**About this task:** Pictures are to be skipped. Retype exactly the lines from the top of the material through the one with "Semoga dengan partisipasi", and only those.

**Data to process:**
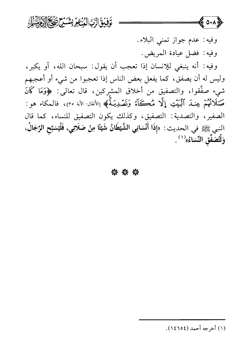 وفيه: أنه ينبغي للإنسان إذا تعجب أن يقول: سبحان الله، أو يكبر، وليس له أن يصفق، كما يفعل بعض الناس إذا تعجبوا من شيء أو أعجبهم شيء صفَّقوا، والتصفيق من أخلاق المشركين، قال تعالى: {وما كان صلاتهم عند البيت إلا مكاء وتصدية}، فالمكاء هو: الصفير، والتصدية: التصفيق، وكذلك يكون التصفيق للنساء، كما قال النبي صلى الله عليه وسلم في الحديث: ((إِذَا أَنْسَانِي الشَّيْطَانُ شَيْئًا مِنْ صَلَاتِي، فَلْيُسَبِّحِ الرِّجَالُ، وَلْتُصَفِّقِ النِّسَاءُ)) (¬١).
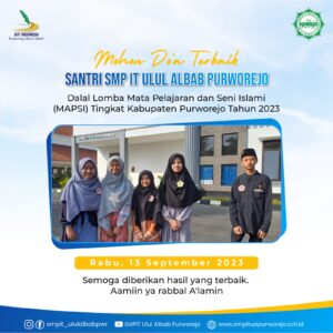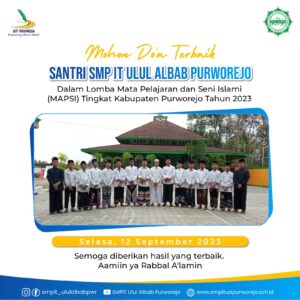 Semoga dengan partisipasi perlombaan MAPSI (Mata Pelajaran Agama dan Seni Islam) siswa/siswi SMPIT Ulul Albab Purworejo bisa menjadi salah satu sarana mengantarkan kesuksesan dan keberkahan dalam berbagai pengalaman.
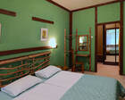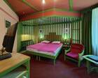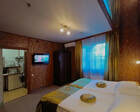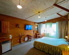 На территории устроено множество искусственных ручьев, прудов с фонтанами, большой водопад, необычный ландшафтный дизайн. Основное питание – полупансион (завтрак и обед по типу «шведский стол»). На ужин по меню - подарок: каждому гостю старше 14 лет дается ежедневный бонус в 1000 рублей на стоимость ужина. Работает 2-х этажный ресторан с 7 залами, бильярдом, баром, верандами и видеозалом с караоке.
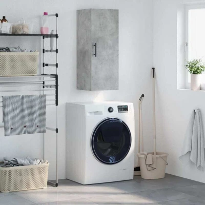 ManoManoGeneral description This wall mounted cabinet with an elegant design makes a timeless addition to your interior decor. Made of high-quality engineered wood, this storage cabinet is sturdy, durable, and resistant to moisture. The hanging cabinet offers ample storage space for keeping your various daily essentials well organized and within easy reach. Its wall-mounted function allows it to save floor space, and it can be easily hung on the wall. The practical design keeps your essentials free from dust by hiding them behind the door, and the handle makes it easy to open the side cabinet. This versatile cabinet can also be placed on top of a sideboard to form a highboard, creating extra storage space, making it suitable for your living room, bedroom, study, and any other living space. Technical specifications Colour: Concrete grey Material: Engineered wood Dimensions: 34.5 x 34 x 90 cm (W x D x H) Assembly required: Yes Other information Screws and plugs for inside the wall are not
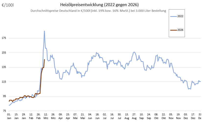 Betrachten wir die längerfristige Preisentwicklung, zeichnet sich das Ausmaß der aktuellen Heizölpreis-Anstiege mittlerweile sehr deutlich ab. So zahlen Käufer von Heizöl derzeit +56,61 Euro mehr als vergangenen Dezember, entsprechend Aufschlägen von +63,7 Prozent. Blicken wir auf die vergangenen Jahre, stieg der Preis des Heizmittels im Vergleich zu Anfang März 2025 um +51,79 Euro, und auch gegenüber März 2024 stiegen die Kosten um mittlerweile +42,28 Euro, bzw. +41,0 Prozent.
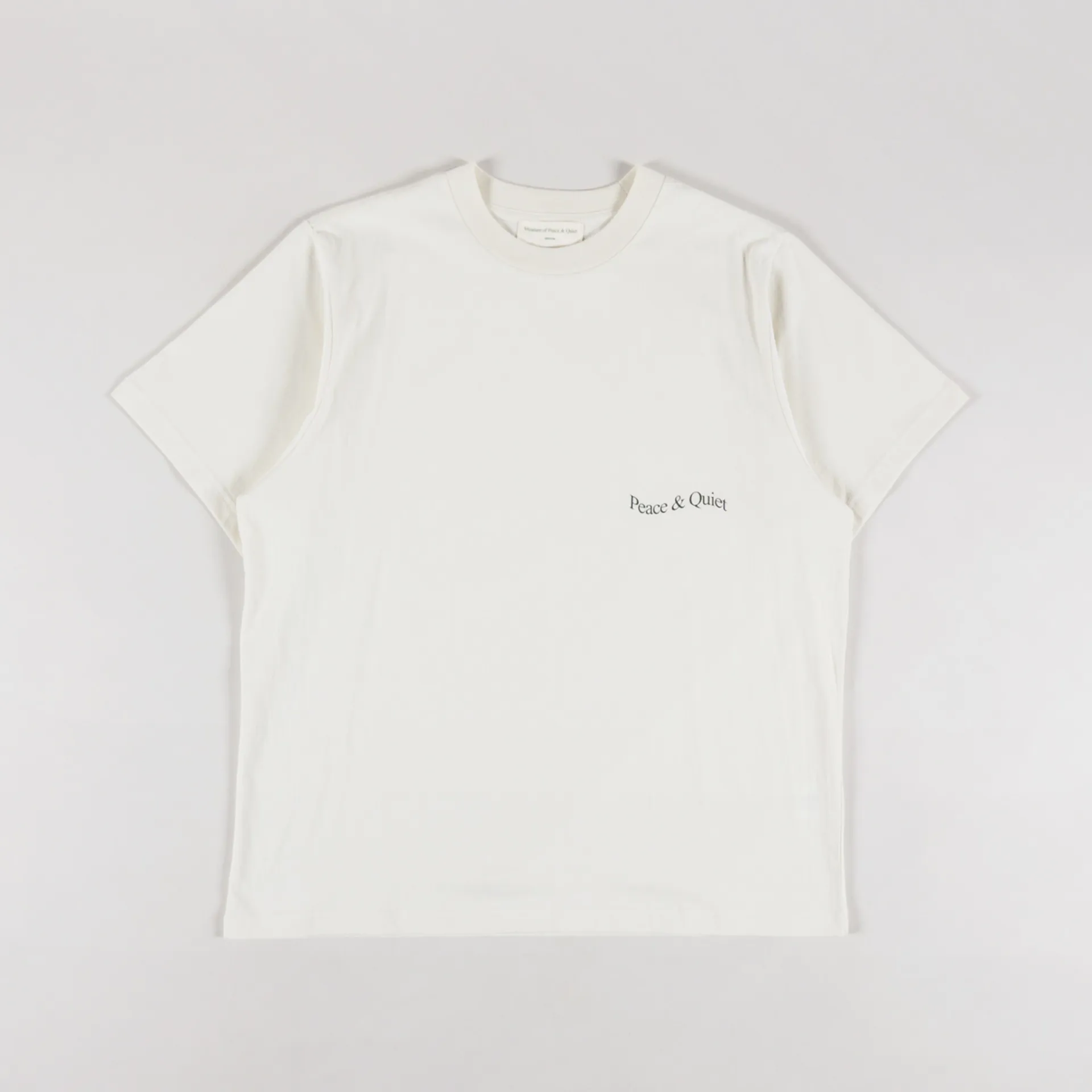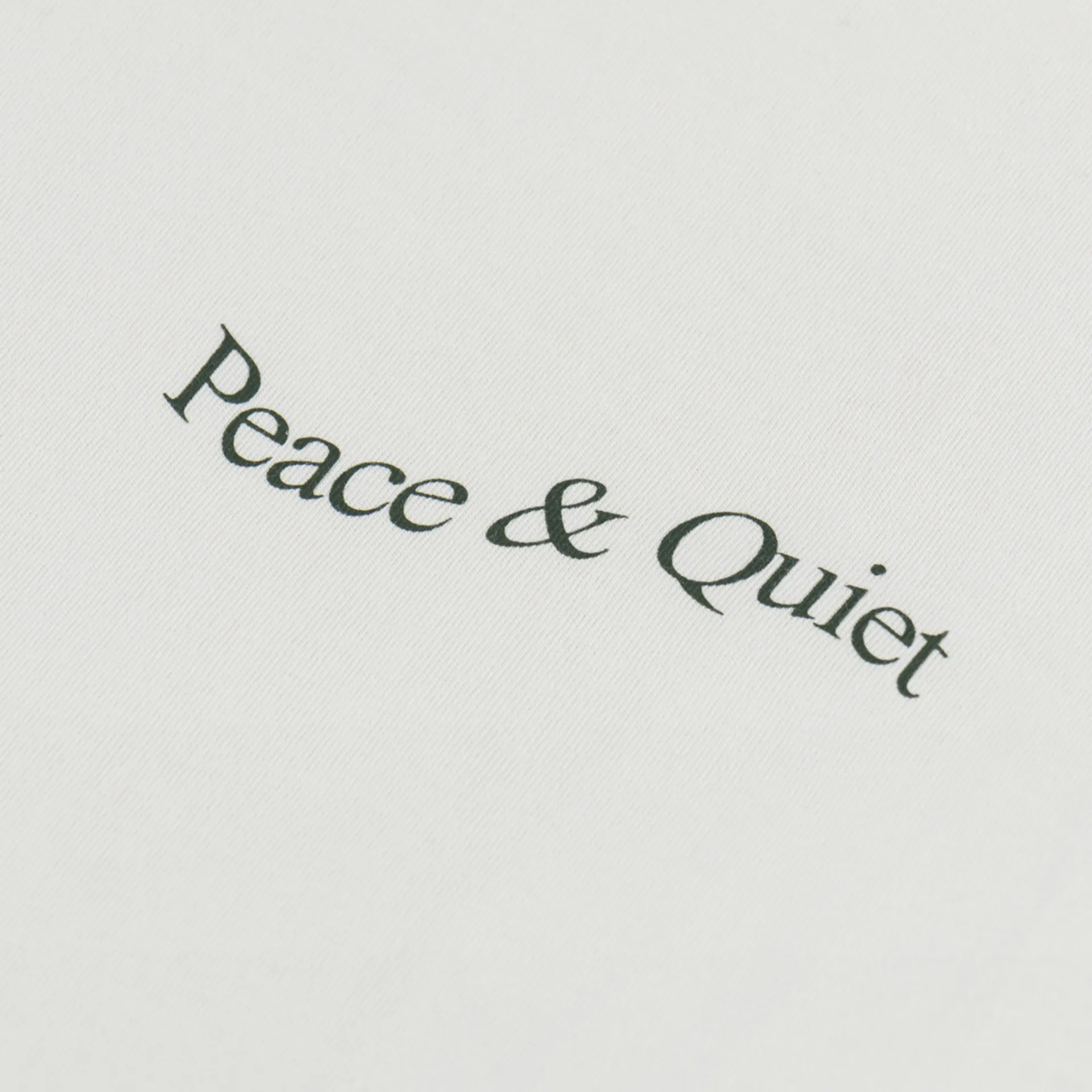 The Wordmark Tee has been cut in a regular, slightly boxy fit for everyday comfort, crafted from a soft and durable 100% cotton with a ribbed crewneck and straight hem. Finished with a Peace & Quiet logo to the front with lower chest placement.

**Completed task:**
 وفيه: أنه ينبغي للإنسان إذا تعجب أن يقول: سبحان الله، أو يكبر، وليس له أن يصفق، كما يفعل بعض الناس إذا تعجبوا من شيء أو أعجبهم شيء صفَّقوا، والتصفيق من أخلاق المشركين، قال تعالى: {وما كان صلاتهم عند البيت إلا مكاء وتصدية}، فالمكاء هو: الصفير، والتصدية: التصفيق، وكذلك يكون التصفيق للنساء، كما قال النبي صلى الله عليه وسلم في الحديث: ((إِذَا أَنْسَانِي الشَّيْطَانُ شَيْئًا مِنْ صَلَاتِي، فَلْيُسَبِّحِ الرِّجَالُ، وَلْتُصَفِّقِ النِّسَاءُ)) (¬١).
 Semoga dengan partisipasi perlombaan MAPSI (Mata Pelajaran Agama dan Seni Islam) siswa/siswi SMPIT Ulul Albab Purworejo bisa menjadi salah satu sarana mengantarkan kesuksesan dan keberkahan dalam berbagai pengalaman.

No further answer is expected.